=== Problem to solve ===
Could you repeat the entries below exactly, but only from the line with "PC pro cílovou" through the line with "Polo Ralph Lauren", and without any picture?

** Material to process follows **

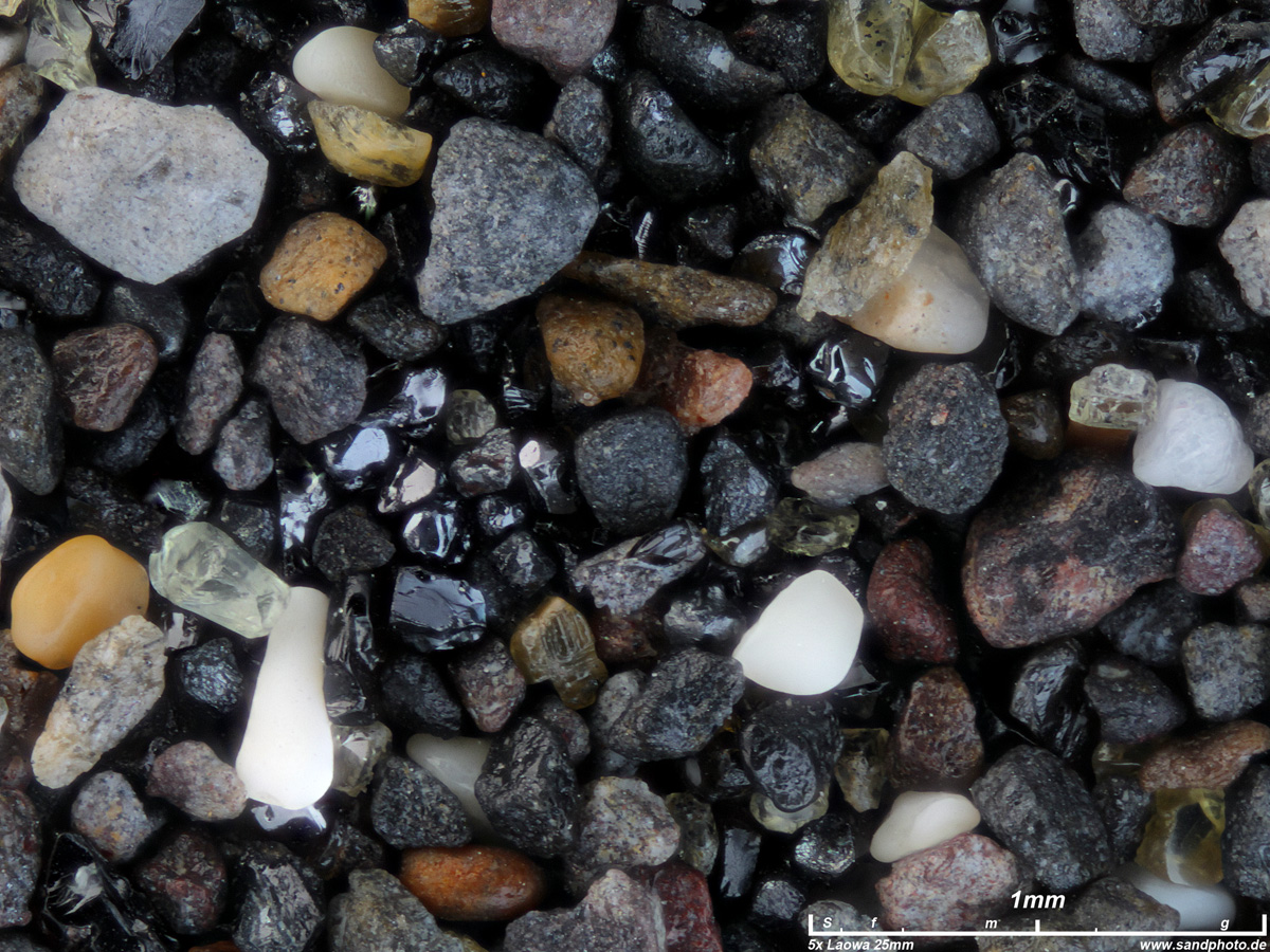 Obsidian, Einzelstück und in Sandkorn gebettet sowie Foraminifere aus dieser Probe
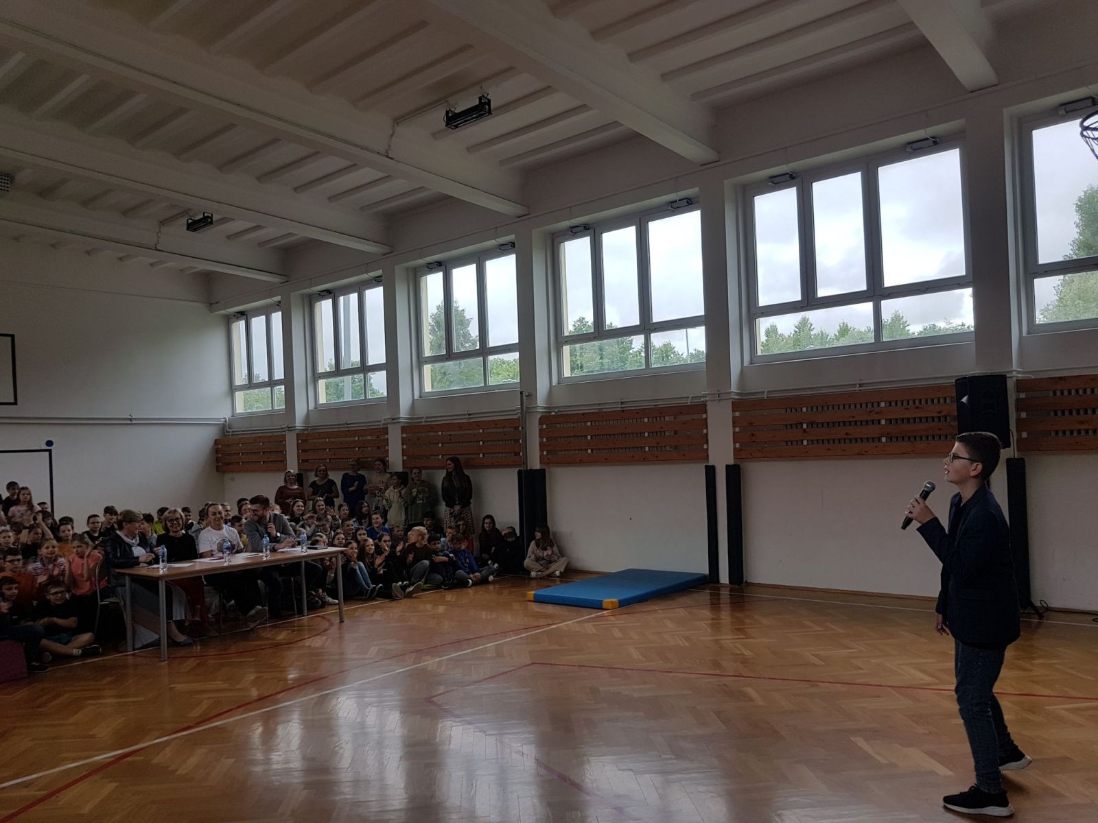 W ostatnim tygodniu roku szkolnego warto przypomnieć o tym, że mamy najzdolniejszych uczniów na świecie! Mogliśmy się o tym przekonać podczas szkolnego konkursu „Mam talent!”, zorganizowanego przez Samorząd Uczniowski. Konkurs składał się z dwóch etapów – eliminacji i finału. Podczas występów uczniowie zaprezentowali swoje umiejętności sportowe (akrobatyka, karate, hobby horse) oraz artystyczne (taniec, śpiew, gra na gitarze i pianinie). Występy naszych zdolnych uczniów oceniało jury w składzie: pani dyrektor Dorota Kozioł, pani wicedyrektor Jolanta Pyziak, nauczycielka w.f., pani Monika Osinko oraz nauczyciel muzyki, pan Łukasz Kobiałka. Wszyscy z niecierpliwością czekamy na wyniki konkursu, które zostaną ogłoszone podczas uroczystych akademii na zakończenie roku szkolnego. Pomysłodawczyniami i organizatorkami konkursu były przedstawicielki Samorządu Uczniowskiego: Aleksandra Janda z kl. 6a, Lena Gierula z kl. 4a i Ewa Czerwonka z kl. 5a – gratulacje za świetną inicjatywę!
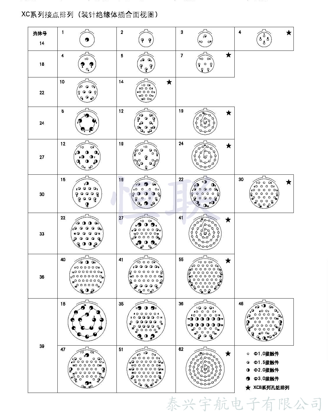 XC系列圓形電連接器( 航空插頭 )為低頻類電連接器。九種殼體號;4種接觸件規(guī)格;32種孔位排列。從1孔到62孔。采用卡口式快速連接系統(tǒng),操作方便,連接可靠,耐振動,抗沖擊。五鍵槽定位,具有盲插和防誤插功能。高可靠的雙曲面線簧孔使連接器插拔柔和,接觸電阻小,工作可靠。插座共有五種結構形式選用。符合國家軍用標準GJB2889。廣泛用于航天,航空,航海、鐵路、野戰(zhàn)通訊及各種儀器、儀表等設備中。
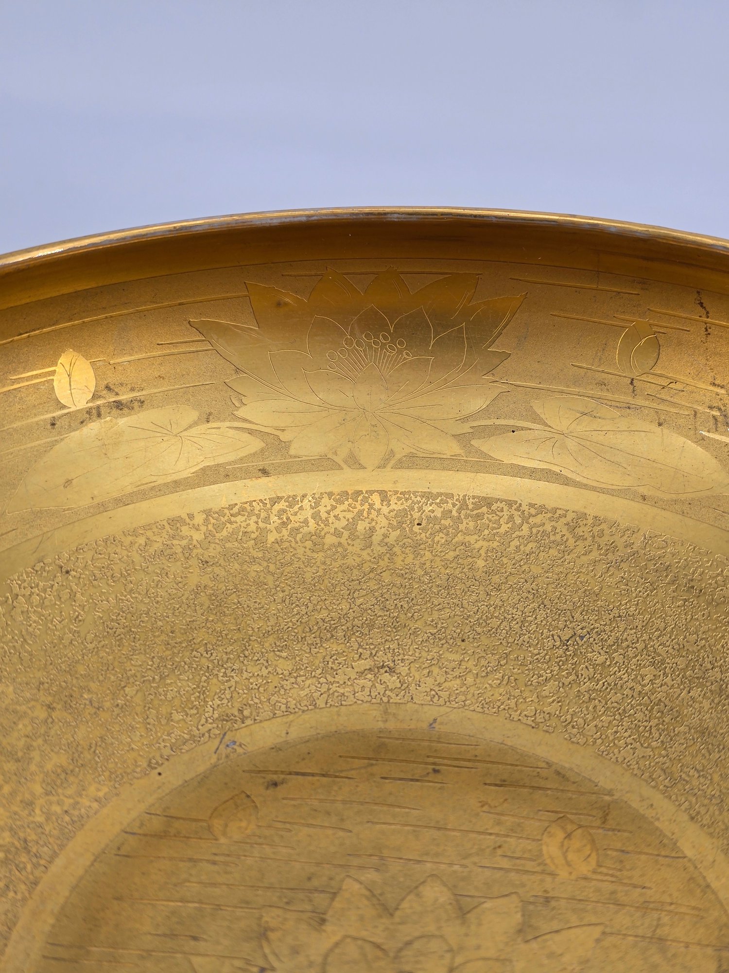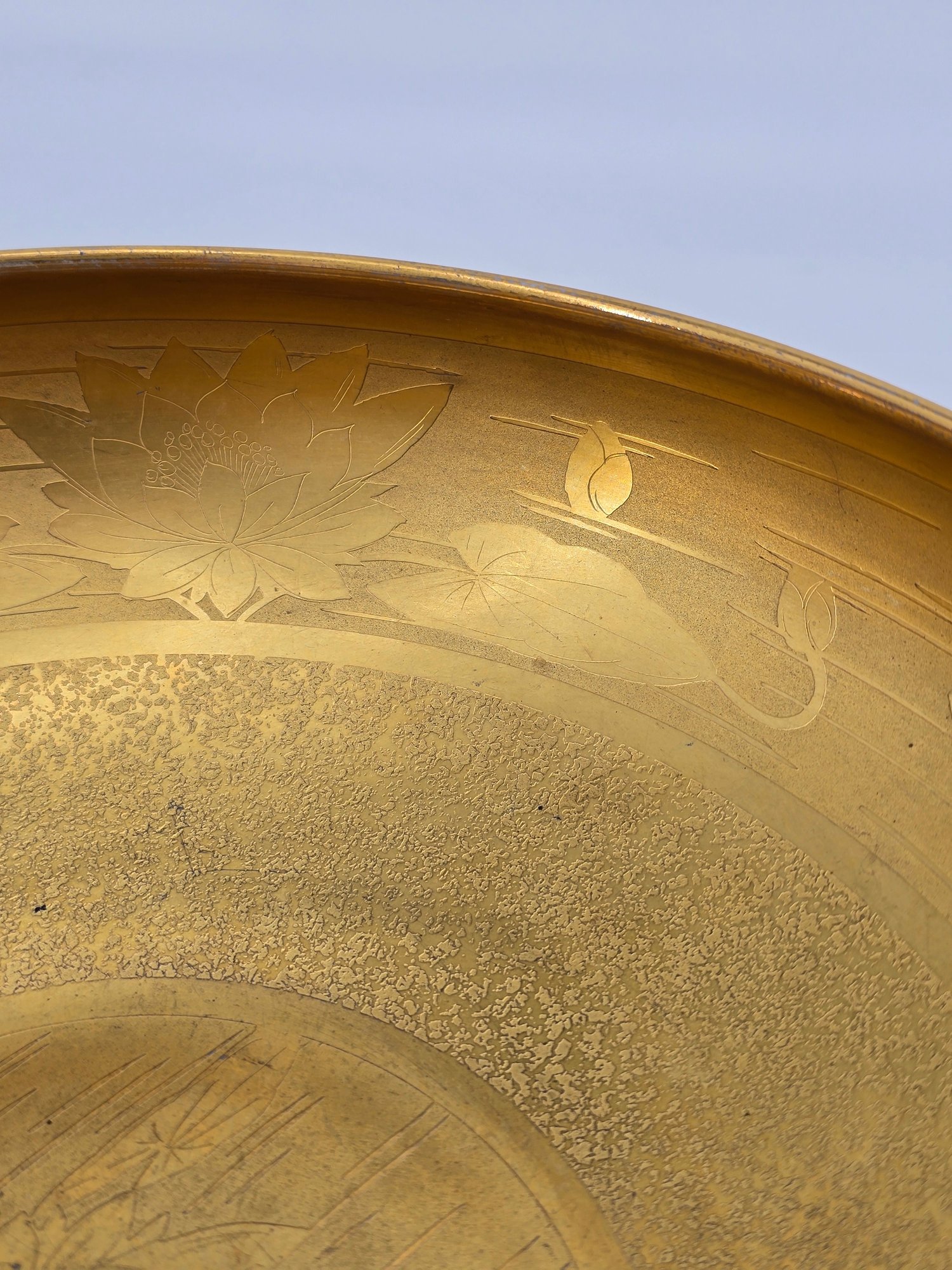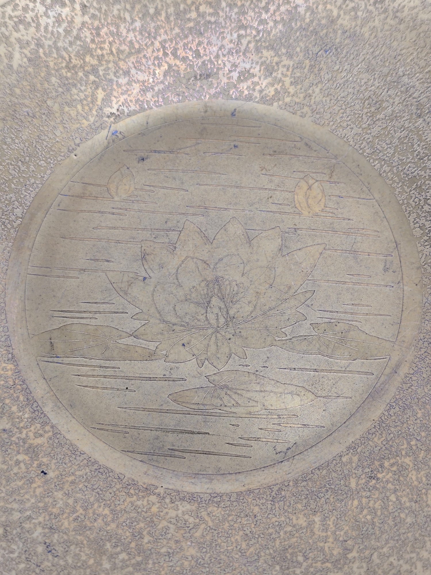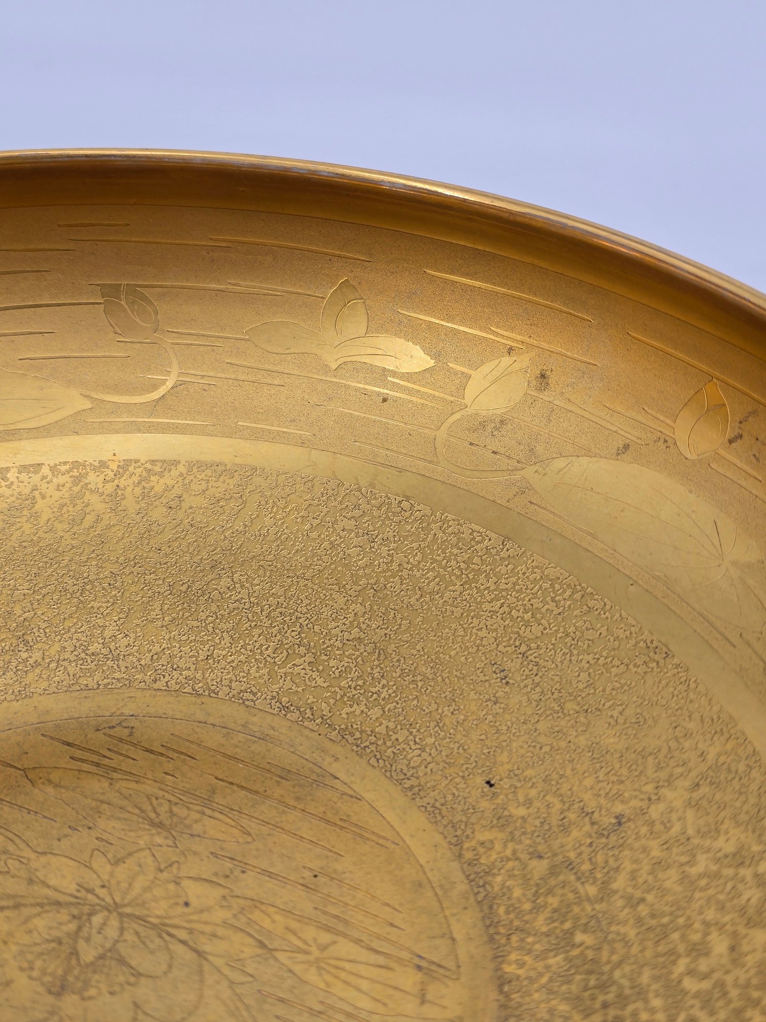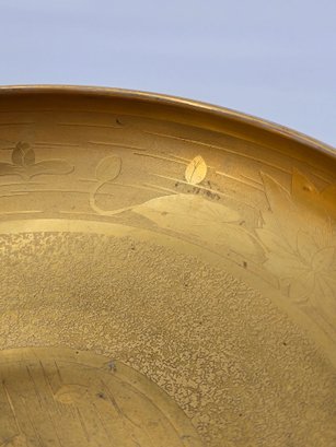 It features intricate engraved plant patterns around the body. Lotus / Water Lilly
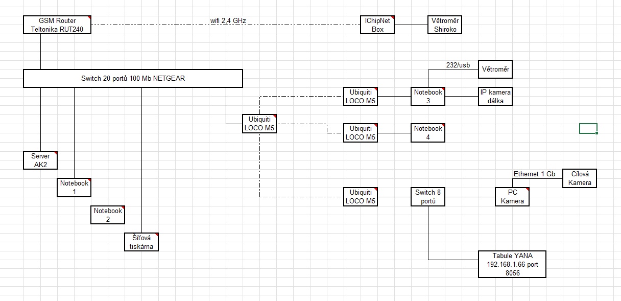 PC pro cílovou kameru má dvě síťové karty. Jednu USB Gigabitovou pro připojení samotné cílové kamery, která kvůli bezpečnosti běží na samostatné síti. Mohla by být připojena do stejné sítě jako celý stadion, ale mohlo by se stát, že problém v síti ohrozí připojení cílové kamery a tím ke ztrátě měřeného závodu. PC kamery mám připojen do stadionové sítě přes switch, do krerého je připojena tabule YANA a vše připojuje k serveru AK2 pojítko LOCO M5. Pojítko zajišťuje, že naměřené a vyhodnocené časy z cílové kamery se přenášejí do výsledkové listiny AK2 a na tabuli v cíli.
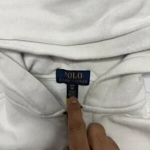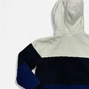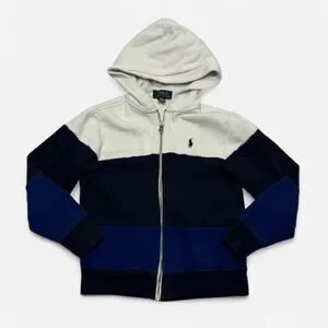 Polo Ralph Lauren kids zip-up hoodie featuring a clean colorblock design in white, navy, and blue with embroidered Polo logo on the chest. Full zip front with attached hood, soft fleece interior, and ribbed cuffs and hem for a comfortable fit. Size 8. Check photo 5 for a small stain on the back shoulder. A timeless Ralph Lauren piece that’s perfect for everyday wear. All pictures and measurements are provided—please review them carefully before purchasing. This item is sold as-is, with no refunds or returns. Feel free to ask any questions before buying.
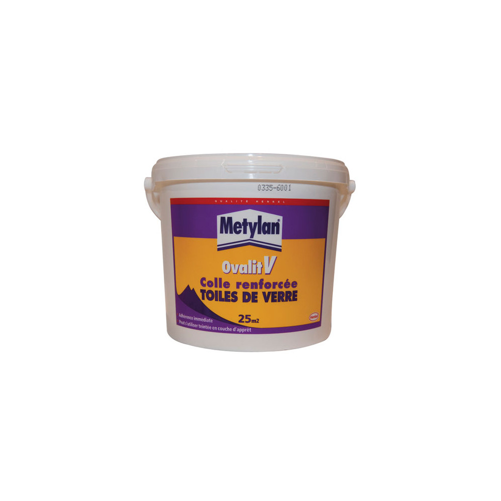 La colle Ovalit V de Metylan en seau de 5 kg est une colle en pâte renforcée de qualité professionnelle, spécialement formulée pour la pose de toiles de verre et de revêtements muraux à peindre. Ce grand format de 5 kg est particulièrement adapté aux chantiers importants, aux artisans et aux particuliers souhaitant traiter de grandes surfaces en une seule fois sans interruption.
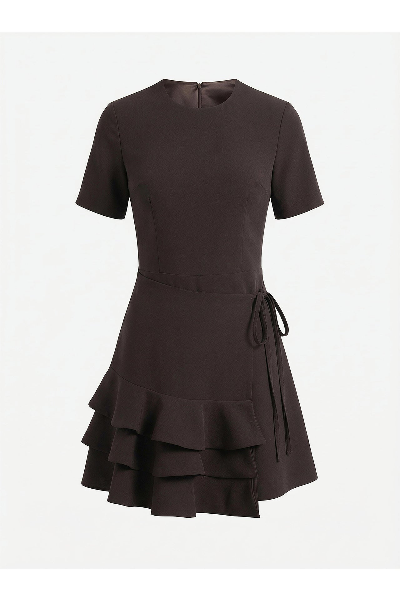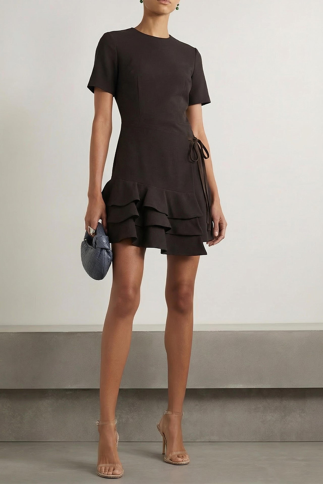 Елегантна мини рокля в наситен тъмен нюанс, която съчетава минимализъм в горната част с игрив, женствен финал. Правата линия се прелива в многопластови волани, които придават движение и лекота. Деликатното странично връзване подчертава талията по фин и модерен начин.
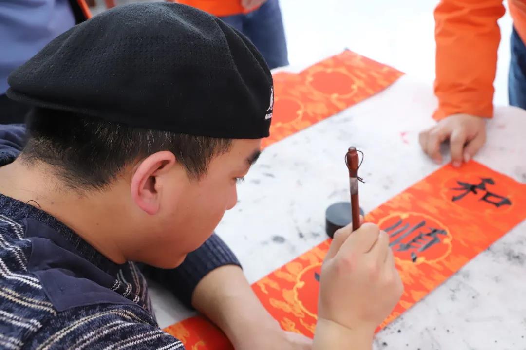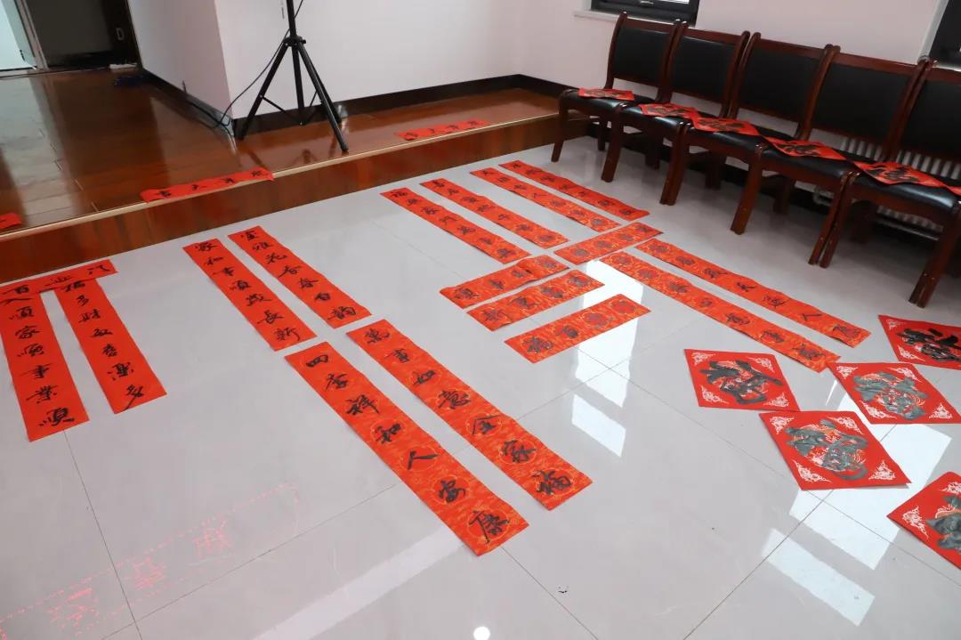 笔走龙蛇间,一张张笔酣墨饱、寓意吉祥的“福”字、春联跃然纸上。多宝(中国)一站式服务官网各单位书法爱好者和员工们早早来到书写现场,一边帮着铺纸调墨,一边井然有序地向书法家们“求”取自己中意的春联和美好祝福。两个多小时,书法家们共写出了200余幅作品,并现场讲解释义、互动交流,活动现场铺满了春联和福字,形成了一片热闹非凡的红色海洋。

** End of Material to process **

=== Response below ===
 PC pro cílovou kameru má dvě síťové karty. Jednu USB Gigabitovou pro připojení samotné cílové kamery, která kvůli bezpečnosti běží na samostatné síti. Mohla by být připojena do stejné sítě jako celý stadion, ale mohlo by se stát, že problém v síti ohrozí připojení cílové kamery a tím ke ztrátě měřeného závodu. PC kamery mám připojen do stadionové sítě přes switch, do krerého je připojena tabule YANA a vše připojuje k serveru AK2 pojítko LOCO M5. Pojítko zajišťuje, že naměřené a vyhodnocené časy z cílové kamery se přenášejí do výsledkové listiny AK2 a na tabuli v cíli.
 Polo Ralph Lauren kids zip-up hoodie featuring a clean colorblock design in white, navy, and blue with embroidered Polo logo on the chest. Full zip front with attached hood, soft fleece interior, and ribbed cuffs and hem for a comfortable fit. Size 8. Check photo 5 for a small stain on the back shoulder. A timeless Ralph Lauren piece that’s perfect for everyday wear. All pictures and measurements are provided—please review them carefully before purchasing. This item is sold as-is, with no refunds or returns. Feel free to ask any questions before buying.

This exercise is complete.